I know; easier said than done. Nonetheless, its one of life’s simple truths.

Life, life, life, life, BOOM! Crisis….

Crisis + Panic = Possibly bigger crisis.

Example: You’ve been through some stuff and not well, and have tests and have met with specialists, and BOOM! Your illness, be it physical or mental, is causing your doctor to pull you out of work.

Crisis.  Personally, financially; the mind boggles.

Alright, let’s say we go with panic as our first response… hmmmmm… thinking….

Nope, can’t come up with a single positive outcome that will bring.

Not judging. I mean, I myself have gone with the panic response in a number of crisis situations. It’s a valid, and historically oft utilized option.I just haven’t found it productive in dealing with any particular crisis.

On the other hand, and maybe its just because I’m old now – do something the wrong way enough times, you eventually figure out you’re doing it wrong. The first thing, don’t panic, may involve counting to ten, some deep breathing, possible sitting down with a glass of water; just to regroup. But, I’ve taken a sort of new tack on the whole crisis response scenario. More like when my sons were young. There might be sounds of hollering and bumping around, echoing down the stairwell, then one of them screaming, “MOM!!!” Now of course, very early on, I was running to save them every dang time. I found this not only exhausting, but ineffective. It only increased the number of times this exact same scenario would play out.

Finally, Iimage learned to develop a much more straightforward and calm response, at least internally. If there isn’t blood involved, or damage to my home, they will have to work it out. Screaming my name because your younger brother has you pinned, does not constitute an emergency for ME.

But back to perhaps a slightly more complicated crisis, of being pulled out of work on disability. And it ends up being long-term.  Now, we have a monumental problem. Especially if our illness affects our ability to actually complete and submit our application for Social Security/Disability.  It is an extremely complex document, or set of documents, and at the time, I couldn’t read a sentence and understand it. But, no application, no approval, no monthly allowance, no food, no power, no water, no tax money (if you are a homeowner), etc.  And those applications take months for determination as well, so there goes whatever was in savings in the interim.

BUT, if the illness, as in my own experience, is mental health related, there is help! I hadn’t ever reached out for help before. Always paid my own way.

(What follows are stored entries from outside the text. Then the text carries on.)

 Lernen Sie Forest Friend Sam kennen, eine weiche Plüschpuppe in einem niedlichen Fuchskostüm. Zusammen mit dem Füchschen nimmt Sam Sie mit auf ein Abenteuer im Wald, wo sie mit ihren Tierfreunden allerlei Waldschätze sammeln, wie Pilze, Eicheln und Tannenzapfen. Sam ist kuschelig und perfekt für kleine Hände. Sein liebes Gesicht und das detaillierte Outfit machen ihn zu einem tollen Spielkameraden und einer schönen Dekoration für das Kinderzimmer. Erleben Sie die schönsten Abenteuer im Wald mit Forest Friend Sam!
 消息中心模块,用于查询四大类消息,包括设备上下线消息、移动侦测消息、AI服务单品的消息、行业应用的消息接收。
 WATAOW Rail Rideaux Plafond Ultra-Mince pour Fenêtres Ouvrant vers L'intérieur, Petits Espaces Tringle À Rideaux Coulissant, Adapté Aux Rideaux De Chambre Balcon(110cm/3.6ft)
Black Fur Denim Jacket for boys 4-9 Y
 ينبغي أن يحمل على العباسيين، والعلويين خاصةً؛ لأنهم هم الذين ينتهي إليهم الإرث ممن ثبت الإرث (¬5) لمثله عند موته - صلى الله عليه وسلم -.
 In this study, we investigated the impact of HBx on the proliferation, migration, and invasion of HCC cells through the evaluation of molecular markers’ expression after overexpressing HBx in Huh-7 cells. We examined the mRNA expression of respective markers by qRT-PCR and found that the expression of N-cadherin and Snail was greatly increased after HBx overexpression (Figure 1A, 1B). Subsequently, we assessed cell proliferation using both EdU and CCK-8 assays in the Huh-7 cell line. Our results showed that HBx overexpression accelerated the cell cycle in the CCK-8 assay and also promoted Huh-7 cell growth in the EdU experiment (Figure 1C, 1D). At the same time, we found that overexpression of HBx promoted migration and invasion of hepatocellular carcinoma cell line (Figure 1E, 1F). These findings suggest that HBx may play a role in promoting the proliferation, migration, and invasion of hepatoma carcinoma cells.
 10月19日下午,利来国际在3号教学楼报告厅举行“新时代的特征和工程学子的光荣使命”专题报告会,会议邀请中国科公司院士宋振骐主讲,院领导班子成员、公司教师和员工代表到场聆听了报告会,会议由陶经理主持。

Didn’t want to take from anyone else, you know?  Despite my despair and my fear, my own overwhelmedness left me with nowhere to turn.  I swallowed what little pride I thought I had left at the time, and called the Mental Health Association.

They were so understanding. Made me feel like they were absolutely there for me.  They had me come in to meet with one of their staff, who helped turn an insurmountable task into a completed and filed application. And, it was approved on the first submission! I found out later, it doesn’t always work that way.

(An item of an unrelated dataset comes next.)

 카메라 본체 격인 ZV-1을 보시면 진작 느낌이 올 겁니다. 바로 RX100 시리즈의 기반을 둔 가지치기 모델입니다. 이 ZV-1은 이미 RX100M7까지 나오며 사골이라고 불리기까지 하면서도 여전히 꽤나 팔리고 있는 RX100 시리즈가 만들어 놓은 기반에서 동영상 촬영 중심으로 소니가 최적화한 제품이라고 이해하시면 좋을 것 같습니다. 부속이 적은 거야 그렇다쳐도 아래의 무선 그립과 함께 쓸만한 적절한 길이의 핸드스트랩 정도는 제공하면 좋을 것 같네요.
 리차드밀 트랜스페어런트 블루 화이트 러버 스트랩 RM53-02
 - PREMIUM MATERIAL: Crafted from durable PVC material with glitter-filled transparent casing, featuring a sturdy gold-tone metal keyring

I’ll be honest. When I went to see them, I was in a panic. But, as one of my symptoms, I get panic attacks, which were much worse back then. Before I left that first visit though, the panic was gone.  What a gift that was. I remain grateful for their presence, their acknowledgment of me as a person, and that they treated me with respect; not like the sad ball of jello I rolled in there as.

The Mental Health Association has been around a very long time, and, while they would likely be the first to admit they are not the best at marketing what they do, the variety of services and programs they offer, can be miraculous to someone totally out of their normal zone; whose reality has been changed so drastically. They are accepting of you as you are, and just about everyone who works there, came from something similar to what you are now going through.  They have a location nearly everywhere in the U.S., so go to MHA.org to find the folks nearest you!